After a series of injuries ended my hopes for a ballet career I was accepted to Columbia University, where I majored in Philosophy and was fortunate to have Arthur Danto as my first philosophy teacher. At Columbia I also had Village Voice critic Andrew Sarris for History of World Cinema and beat poet, Kenneth Koch, for Poetry. After my first year at Columbia I received a Congressional Black Caucus Fellowship to work in the Office of Congressman Charles B. Rangel and during that time became interested in legal and political theory. During the Christmas break of my sophomore year I joined Witness for Peace in Nicaragua, where we lived in war-torn villages and helped to dig trenches and build infrastructure. When I returned to Columbia I wrote about my experiences there in The Columbia Spectator. For my junior year abroad I went to King's College, University of London, where I studied Aesthetics with Anthony Savile, wrote for the Kings' College Student Newsletter and performed in a student production of Cabaret. After a brief stint as a paralegal at the World Trade Center I enrolled at Georgetown University Law Center, where I took all the philosophy courses I could (History of Legal Philosophy, Law, Conscience and Nonviolence and Feminist Legal Theory) while serving as Notes Editor for the Georgetown Journal of Legal Ethics, as a law student advocate for the Georgetown Family Poverty Clinic, volunteering for the American Arts Alliance and performing in the Georgetown Law Center Gilbert and Sullivan Society.

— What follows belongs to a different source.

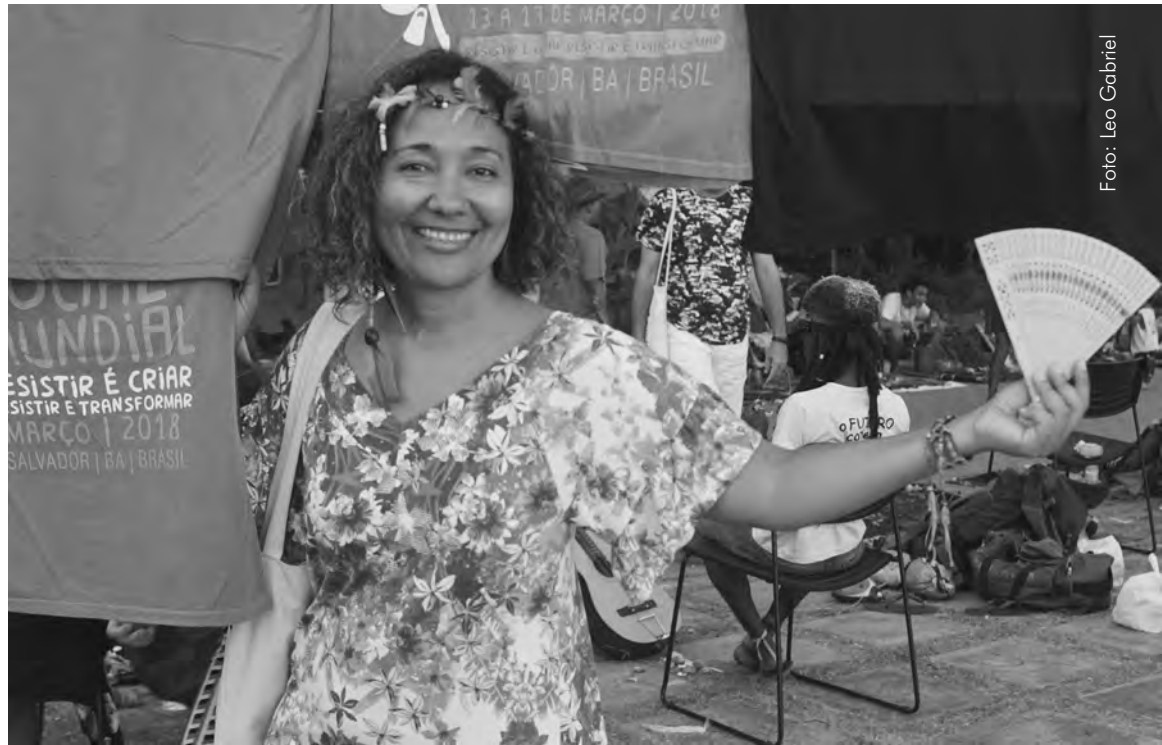
Eine gleichberechtigte Rolle wollen die Frauen nicht nur im Weltsocialforum spielen

ist enorm wichtig. Außerdem erreichen vor allem Frauen, die als Gemeinderätinnen und Bürgermeisterinnen kandidieren, durch soziale Medien WählerInnen, die sie aufgrund ihrer Einschränkung durch familiäre Pflichten nie erreichen würden: Während es für Männer völlig normal ist, von Wahlveranstaltung zu Wahlveranstaltung auch bis spät in die Nacht zu ziehen,

I'm currently a Philosophy doctorate student at Temple University in Philadelphia, PA, where so far I have been fortunate to have Miriam Solomon, Carol Gould, Joseph Margolis, Gerald Vision, David Wolfsdorf, Jitendra Mohanty, Paul C. Taylor and Philip Alperson as professors. Jitendra Mohanty has been a deeply inspiring source of calm, wisdom and enlightenment about what it is not to just read philosophy but to do philosophy. Miriam Solomon, Carol Gould, Susan Feagin (editor of The Journal for Aesthetics and Art Criticism) and Paul Taylor have worked particularly hard to help me develop my philosophic thinking and writing skills and I am extremely thankful for their help. Phil Alperson has impressed upon me the importance of always remembering to think about specific examples of art when we are theorizing about art and to let those examples teach us something new. I am also grateful for the many hours Joseph Margolis has spent answering my lengthy and detailed questions about his work. In addition, I was lucky to cross paths with Noel Carroll when he was at Temple and receive the benefit of his thoughts on how to write philosophy of dance. I am glad to be under Temple's wing, and I look forward to beginning in-depth work on my dissertation, which will be advised by Margolis, with Alperson and Solomon as Committee members. In the meantime, I have been enjoying the intelligence, freshness and vivacity of the Temple undergrads I have taught.
Finally, I still maintain Chicago as my home base, where I live with my husband, Art Bresnahan (a corporate and regulatory attorney), and my children, Isabel (age 12) and Arthur (age 10).